In the listing that follows, the lines starting at the one containing "Eski Türkçe Göktürkçe" and ending at the one containing "- メールアドレス、パスワードを入力して「確認画面に進む」をタップ" are to be returned exactly, both boundary lines included, and no others.

* PROVIDED ENTRIES
◆ ◆ ◆

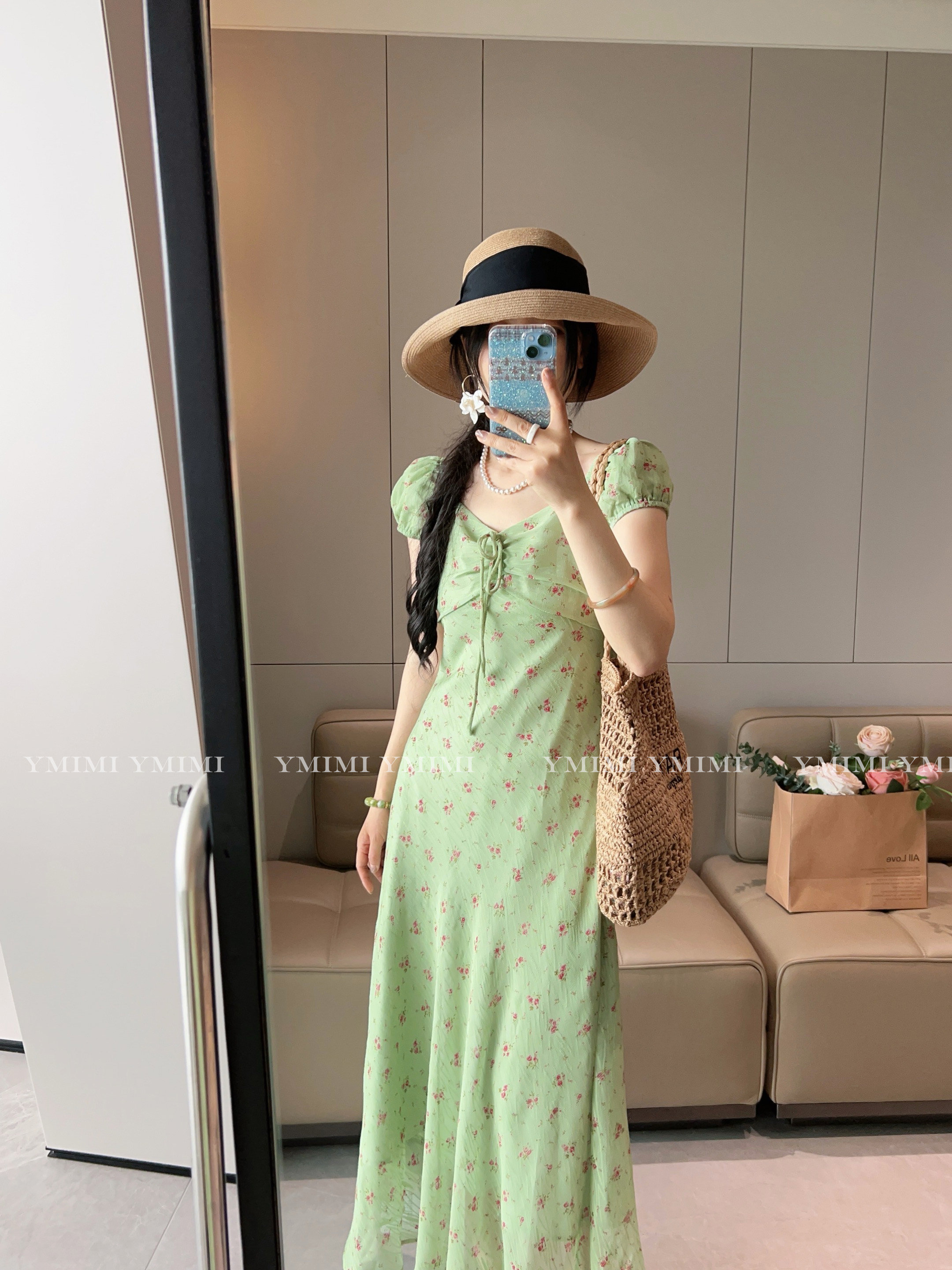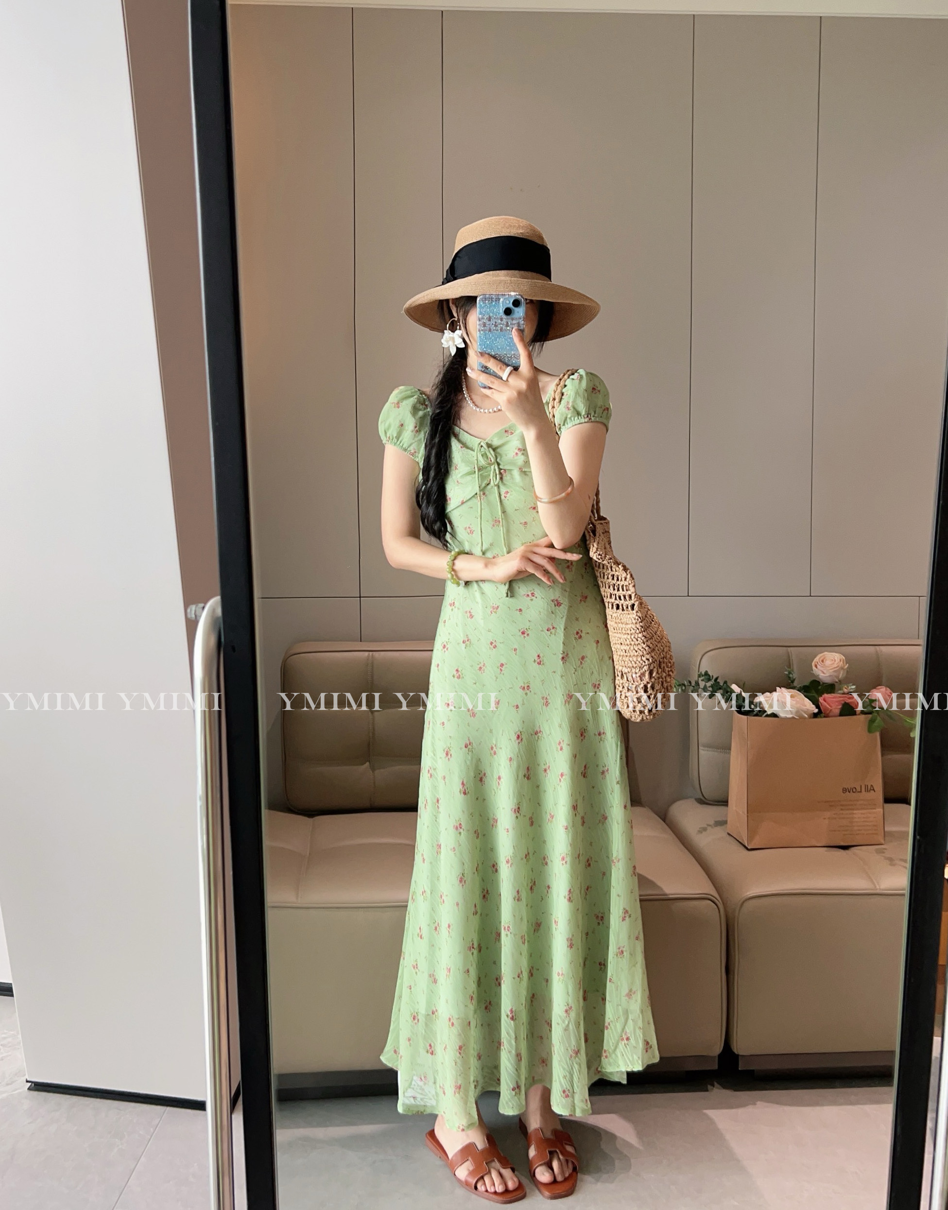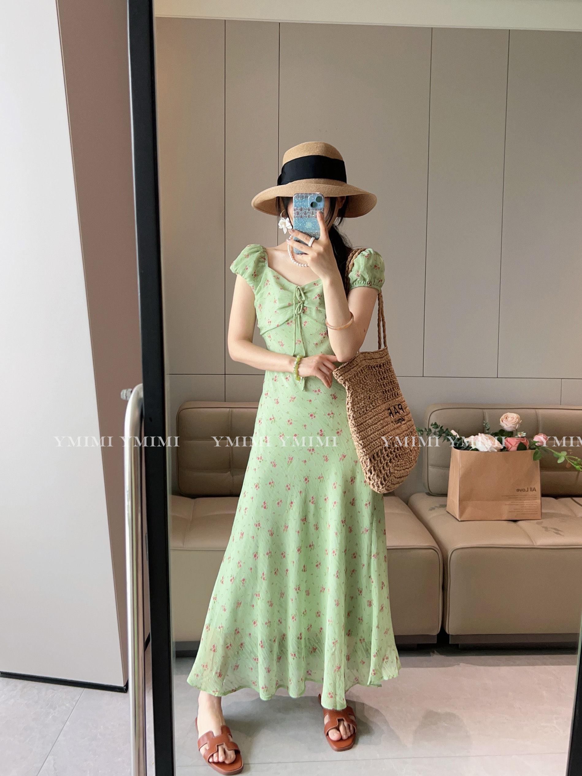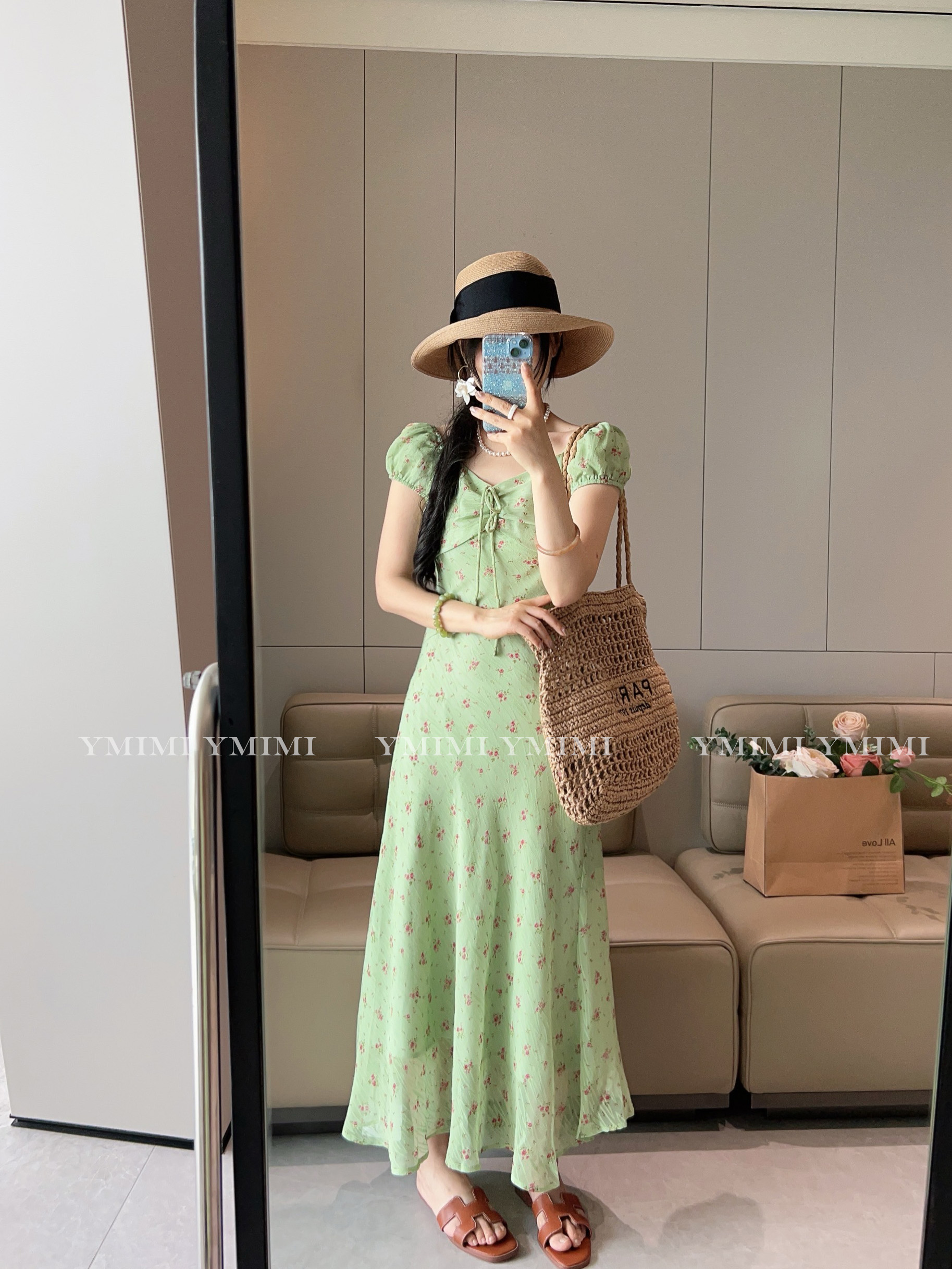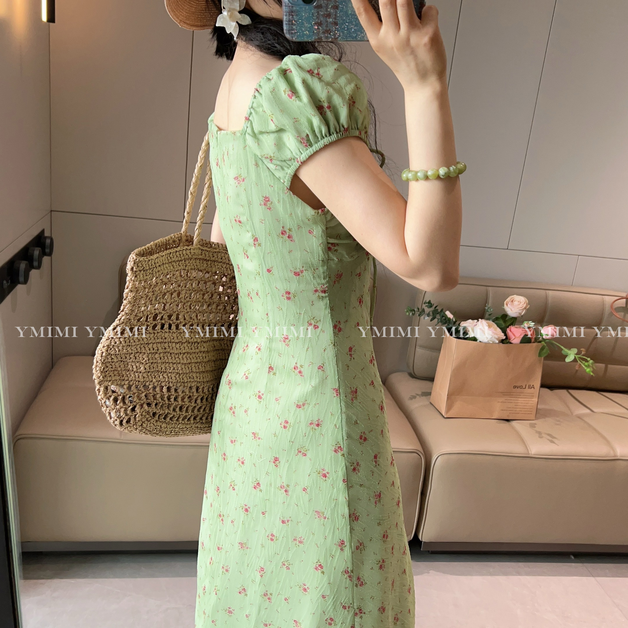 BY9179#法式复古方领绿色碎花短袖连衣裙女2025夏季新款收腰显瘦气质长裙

◆ ◆ ◆

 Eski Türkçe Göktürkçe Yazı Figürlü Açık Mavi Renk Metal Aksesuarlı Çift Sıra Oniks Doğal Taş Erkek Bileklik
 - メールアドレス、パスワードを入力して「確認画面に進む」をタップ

◆ ◆ ◆

* SOLVED PROBLEM
 Eski Türkçe Göktürkçe Yazı Figürlü Açık Mavi Renk Metal Aksesuarlı Çift Sıra Oniks Doğal Taş Erkek Bileklik
 - メールアドレス、パスワードを入力して「確認画面に進む」をタップ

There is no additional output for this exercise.